Voleva entrare nella storia. E ci è riuscito.

Donald Trump è il terzo presidente americano messo in stato d'accusa con la procedura di impeachment. Prima di lui sono finiti a giudizio solo Andrew Johnson nel lontano 1868 e Bill Clinton nel 1998.

La Camera, come prevedibile, ha approvato entrambi i capi d'imputazione a suo carico: abuso di potere per le pressioni su Kiev per far indagare il suo principale rivale nella corsa alla Casa Bianca Joe Biden e ostruzione del Congresso per aver bloccato testimoni e documenti. Gli articoli sono passati con 230 e 229 voti, tutti dem tranne tre contrari.

Altrettato prevedibile sarà l'esito del voto in Senato a gennaio, considerando che il tycoon conta sulla granitica maggioranza repubblicana nella camera alta del parlamento. Anche se la speaker della Camera Nancy Pelosi ha annunciato che i due articoli non saranno inviati al Senato finché non ci saranno garanzie di un processo giusto in quel ramo del Congresso.

Il tycoon ha aspettato la votazione prima twittando furiosamente nel bunker della Casa Bianca e poi tenendo un comizio in Michigan, Stato cruciale per la sua rielezione.

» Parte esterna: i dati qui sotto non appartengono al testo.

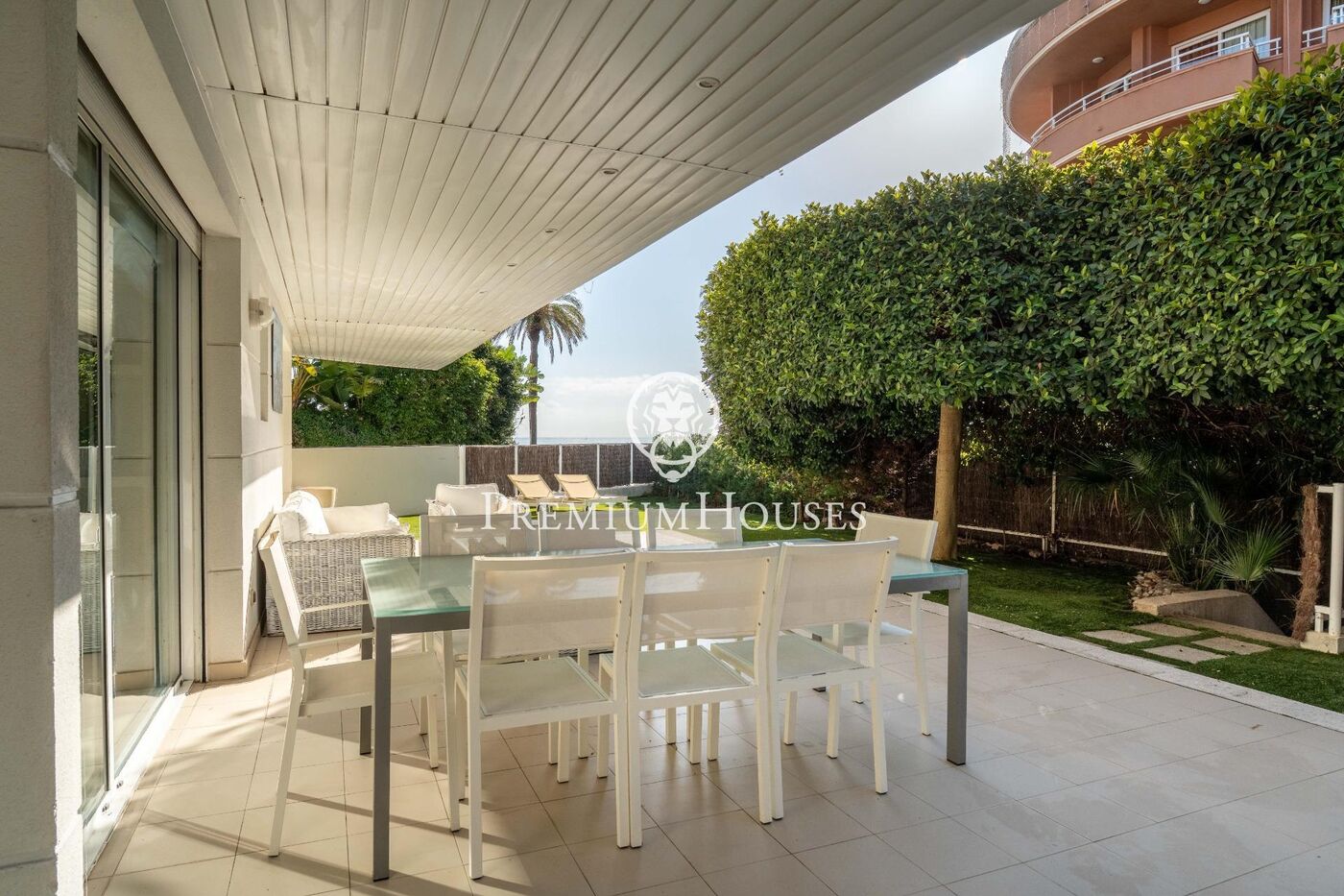 Planta baja con vistas al mar en el complejo residencial de Parc de Mar, al lado del Golf Terramar y en primera línea de mar. Su esplendido jardín privado de 209 m2, la salida directa desde el mismo al Paseo Marítimo y a la zona ajardinada de la urbanización, hacen de este piso una pieza singular y única.

"Non abbiamo fatto nulla di sbagliato. Abbiamo l'appoggio del partito repubblicano", ha esordito. "Dopo tre anni di caccia alle streghe, bufale, vergogne, truffe, i democratici stasera stanno cercando di annullare il voto di decine di milioni di patrioti americani", ha denunciato, accusando l'opposizione di "abuso di potere". "Questo è il primo impeachment dove non c'è un reato", ha incalzato, convinto che sarà un "suicidio politico" per i dem.

"Trump non ci ha dato altra scelta - le parole di Nancy Pelosi -. Il presidente ha violato la costituzione e resta una costante minaccia per la sicurezza del nostro Paese e l'integrità delle nostre elezioni", ha scandito, dopo aver letto accanto a un tricolore americano il Pledge of Allegiance, il giuramento di fedeltà alla bandiera degli Stati Uniti.